<<<<

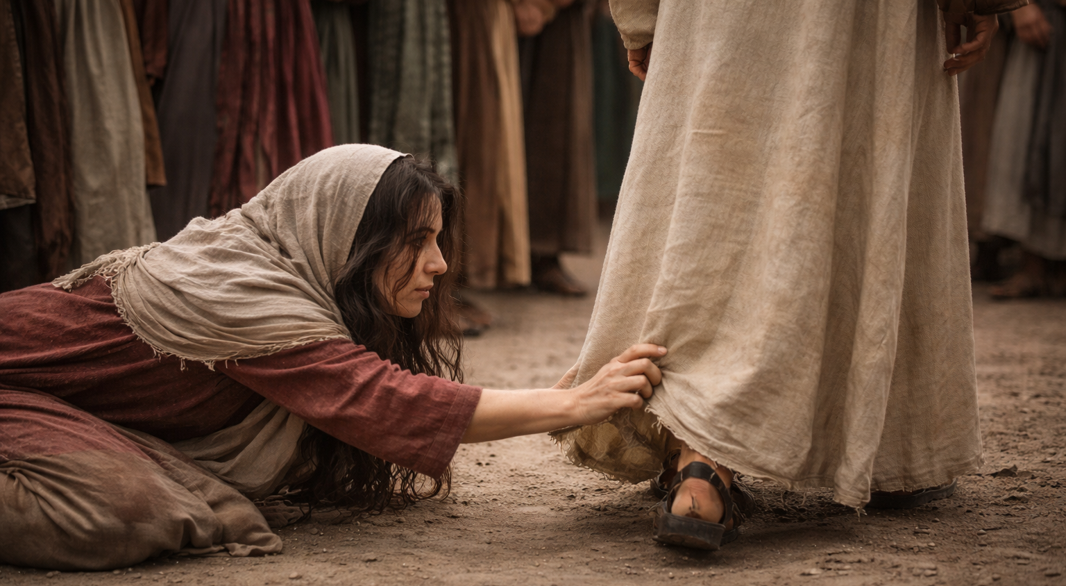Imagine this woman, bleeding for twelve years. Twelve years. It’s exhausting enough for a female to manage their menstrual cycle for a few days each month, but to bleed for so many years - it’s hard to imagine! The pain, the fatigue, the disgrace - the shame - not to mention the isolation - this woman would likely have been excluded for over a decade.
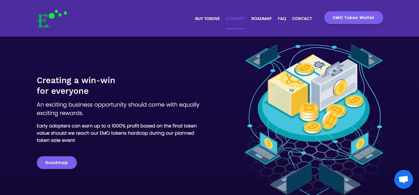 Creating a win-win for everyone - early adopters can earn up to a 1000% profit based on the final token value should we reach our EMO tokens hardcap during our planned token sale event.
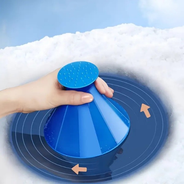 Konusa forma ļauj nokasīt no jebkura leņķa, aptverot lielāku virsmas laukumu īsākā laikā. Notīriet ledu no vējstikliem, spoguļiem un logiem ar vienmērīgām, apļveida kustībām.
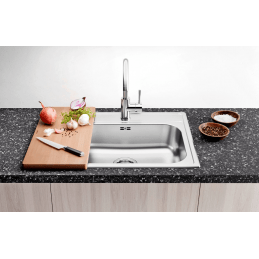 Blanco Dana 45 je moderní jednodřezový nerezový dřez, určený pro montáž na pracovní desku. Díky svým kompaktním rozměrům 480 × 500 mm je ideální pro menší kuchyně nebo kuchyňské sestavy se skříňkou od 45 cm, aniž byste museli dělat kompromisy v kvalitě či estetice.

>>>>
<<<<

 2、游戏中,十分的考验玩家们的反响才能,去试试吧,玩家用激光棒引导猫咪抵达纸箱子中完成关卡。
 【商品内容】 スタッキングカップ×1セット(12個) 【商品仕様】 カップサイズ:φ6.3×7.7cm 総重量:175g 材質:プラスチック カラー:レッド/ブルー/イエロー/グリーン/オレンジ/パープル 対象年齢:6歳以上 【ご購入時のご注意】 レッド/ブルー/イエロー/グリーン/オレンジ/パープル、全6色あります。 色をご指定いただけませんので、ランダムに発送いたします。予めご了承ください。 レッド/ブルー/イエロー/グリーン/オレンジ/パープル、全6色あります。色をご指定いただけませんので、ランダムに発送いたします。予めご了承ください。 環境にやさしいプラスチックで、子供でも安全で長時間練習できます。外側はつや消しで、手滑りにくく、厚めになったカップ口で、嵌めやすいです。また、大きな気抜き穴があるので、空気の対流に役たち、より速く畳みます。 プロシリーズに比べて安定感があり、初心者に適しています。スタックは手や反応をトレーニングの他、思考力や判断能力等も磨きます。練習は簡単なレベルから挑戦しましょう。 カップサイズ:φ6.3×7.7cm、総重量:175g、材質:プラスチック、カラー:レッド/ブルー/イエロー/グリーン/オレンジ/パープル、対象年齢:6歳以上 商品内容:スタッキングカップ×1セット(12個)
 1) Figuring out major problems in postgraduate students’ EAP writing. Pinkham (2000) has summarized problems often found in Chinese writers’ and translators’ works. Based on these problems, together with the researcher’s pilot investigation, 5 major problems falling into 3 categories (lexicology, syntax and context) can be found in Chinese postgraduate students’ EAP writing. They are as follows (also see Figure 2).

>>>>
<<<<

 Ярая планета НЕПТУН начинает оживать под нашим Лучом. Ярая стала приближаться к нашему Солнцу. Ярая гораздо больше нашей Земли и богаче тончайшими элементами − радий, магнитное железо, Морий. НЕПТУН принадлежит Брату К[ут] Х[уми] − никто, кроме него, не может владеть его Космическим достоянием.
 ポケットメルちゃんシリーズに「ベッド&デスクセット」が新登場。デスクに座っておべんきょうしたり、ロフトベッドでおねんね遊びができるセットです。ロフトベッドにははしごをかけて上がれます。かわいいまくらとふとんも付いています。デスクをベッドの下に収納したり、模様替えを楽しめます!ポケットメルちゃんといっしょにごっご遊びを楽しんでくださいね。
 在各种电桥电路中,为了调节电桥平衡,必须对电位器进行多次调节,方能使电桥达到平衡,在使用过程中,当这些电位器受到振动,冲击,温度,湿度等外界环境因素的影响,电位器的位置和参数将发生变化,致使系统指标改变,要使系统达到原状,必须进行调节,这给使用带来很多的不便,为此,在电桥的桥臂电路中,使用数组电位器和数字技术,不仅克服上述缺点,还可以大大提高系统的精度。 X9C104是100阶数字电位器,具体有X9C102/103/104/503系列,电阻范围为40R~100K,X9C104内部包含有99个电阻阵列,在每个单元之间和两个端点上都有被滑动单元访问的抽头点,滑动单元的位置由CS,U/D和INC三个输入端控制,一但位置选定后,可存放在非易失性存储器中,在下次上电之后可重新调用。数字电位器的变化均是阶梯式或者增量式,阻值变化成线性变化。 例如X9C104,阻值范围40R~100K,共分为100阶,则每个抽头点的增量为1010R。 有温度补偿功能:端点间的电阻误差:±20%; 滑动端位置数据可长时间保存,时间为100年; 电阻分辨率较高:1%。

>>>>

EXERCISE BRIEF: Using the data above, which lines fall from the one with "Creating a win-win" through the one with "Konusa forma ļauj"? Repeat them exactly, ends included, minus any pictures.

SOLUTION TO THE PROBLEM:
 Creating a win-win for everyone - early adopters can earn up to a 1000% profit based on the final token value should we reach our EMO tokens hardcap during our planned token sale event.
 Konusa forma ļauj nokasīt no jebkura leņķa, aptverot lielāku virsmas laukumu īsākā laikā. Notīriet ledu no vējstikliem, spoguļiem un logiem ar vienmērīgām, apļveida kustībām.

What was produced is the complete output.